Cette année, la convention nationale de travail du secteur principal de la construction (CN) qui concerne environ 80 000 travailleurs expire et doit être renégociée entre les syndicats et la SSE. Les négociations sont en cours depuis plusieurs mois, mais aucune solution n’est en vue. Il est minuit moins une pour trouver une solution pour début 2026 afin d’éviter un vide conventionnel.
Les maçons ont massivement répondu à l’appel
Après les premières grandes journées de protestation au Tessin (le 20 octobre) et à Berne (le 31 octobre), la vague de protestation atteint désormais toute la Suisse romande avec des mobilisations décentralisées ce 3 novembre. Des points de rassemblement ont été organisés dans tout le canton de Vaud dès 7h ce matin vers lesquels tous les travailleurs se sont rendus pour se déplacer en cars jusqu’à Lausanne-Ouchy ; des transports ont également été organisés directement depuis les plus grands chantiers. Alors que la grève a été votée dans une assemblée générale de 900 travailleurs début octobre, ce sont plus de 4000 travailleurs qui se sont réunis sur la Place de la Navigation à Lausanne ce lundi. L’appel à la mobilisation a donc été massivement suivi.
Rassemblement sur la Place de la Navigation
Dans l’assemblée de ce lundi, le responsable vaudois du secteur construction d’Unia Pietro Carobbio a salué la mobilisation et fait le point sur le blocage des négociations avec Nico Lutz, membre du comité directeur et responsable du secteur construction sur le plan national. Un membre du comité vaudois des maçons a souligné la nécessité de voir des progrès sociaux dans la convention nationale pour assurer l’attractivité de la branche mais surtout pour permettre une vraie conciliation entre obligation professionnelle et familiale. Les travailleurs de la construction sont à bout ! Les horaires de travail doivent permettre de vivre une vie de famille. Le secrétaire régional d’Unia Vaud Arnaud Bouverat a appelé le patronat à davantage de cohérence : la pénurie de travailleurs qualifiés impose d’améliorer la CN et non de la démanteler. Les travailleurs ont montré tout au long de la journée une détermination claire à poursuivre la mobilisation s’ils n’étaient pas entendus.

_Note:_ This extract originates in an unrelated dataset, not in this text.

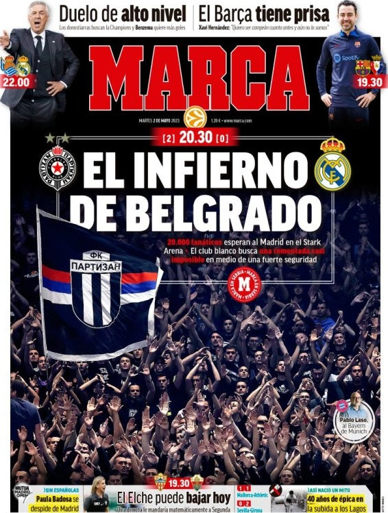 Buenos días. El Real Madrid de baloncesto juega hoy en Belgrado un partido del máximo voltaje tras los incidentes registrados en el último partido del play-off contra el Partizan. La situación es tan temible que la tensión deportiva (sí se pierde, se habrá dicho definitivamente adiós a la Euroliga) es casi lo de menos en relación a la otra tensión, si se nos entiende. Representantes del Partizan (incluido el viejo y querido Obradovic) han garantizado la seguridad personal de los jugadores y les creemos, pero esta tarde saltarán chispas en el feudo balcánico.

Manifestation dans les rues de Lausanne
En début d’après-midi, le cortège de plus de 4000 maçons a quitté la Place de la Navigation, pour monter vers l’emblématique chantier de la gare de Lausanne, totalement arrêté pour se terminer sur la Place de la Riponne, siège de la Région Vaud du syndicat Unia. Au cours du cortège, les maçons ont exprimé leur colère contre la SSE et appelé à une meilleure reconnaissance de leur métier.

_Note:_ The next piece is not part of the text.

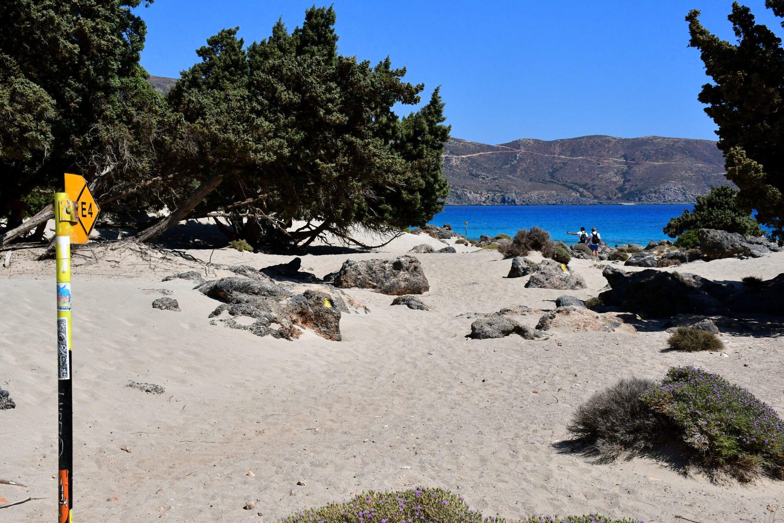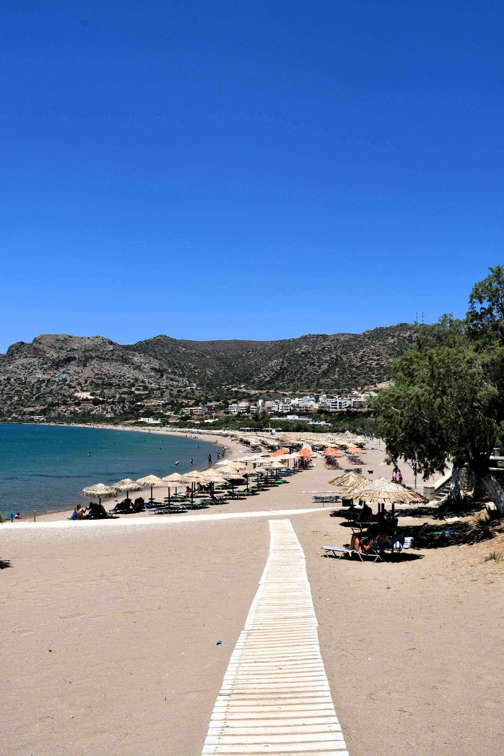 Οι δημοφιλείς παραλίες Παχιά Άμμος δυτικά (με άμμο) και Χαλίκια (με βότσαλα) δυτικά, είναι σχεδόν άδειες αυτή την εποχή, επιτρέποντάς στον επισκέπτη όχι μόνο να απολαύσει τη γαλήνια θάλασσα και την ηρεμία της φύσης, αλλά να βουτήξει ακόμη και για ένα δροσερό μπάνιο. Τα νερά του Λιβυκού παραμένουν ζεστά μέχρι αργά το φθινόπωρο, καθιστώντας το μπάνιο μια μοναδική εμπειρία. Σε κοντινή απόσταση υπάρχουν και άλλες παραλίες, όπως στη θέση Γιαλισκάρι και η παραλία Κριός στα δυτικά.

Des améliorations nécessaires pour l’avenir de la branche
Pour les travailleurs de la construction, une chose est claire : sans conditions de travail plus attractives, la branche court à sa perte. Ni le maintien des conditions actuelles, ni les détériorations radicales proposées par les dirigeants de la SSE ne sont envisageables. Les revendications des travailleurs sont les suivantes :
Une meilleure CN est la solution à la pénurie de main d’oeuvre
Malgré une crise du personnel reconnue dans la branche, la SSE bloque toute évolution des horaires de travail et réclame au contraire des journées de travail encore plus longues pour des salaires moindres. Des horaires décents sont cruciaux pour trouver une solution au conflit du travail actuel dans la construction. Les journées excessivement longues qui accroissent la difficulté de concilier vie familiale et vie professionnelle poussent un maçon qualifié sur deux à quitter le métier. Un sur dix quitte même la profession dans les cinq premières années suivant la fin de l’apprentissage.
Une vague de protestation dans toute la Suisse
Demain mardi 4 novembre, les maçons romands se retrouveront à Lausanne, Place de la Navigation, pour un grand rassemblement et une manifestation romande cette fois-ci. Après la mobilisation à Lausanne demain, d’autres débrayages suivront encore ces prochaines semaines : le 7 novembre dans le Nord-Ouest de la Suisse, le 14 novembre à Zurich et dans d’autres régions de Suisse alémanique. Unia espère que ces actions couvrant l’ensemble du pays feront entendre raison à la SSE pour revenir à la table des négociations avec une posture plus constructive.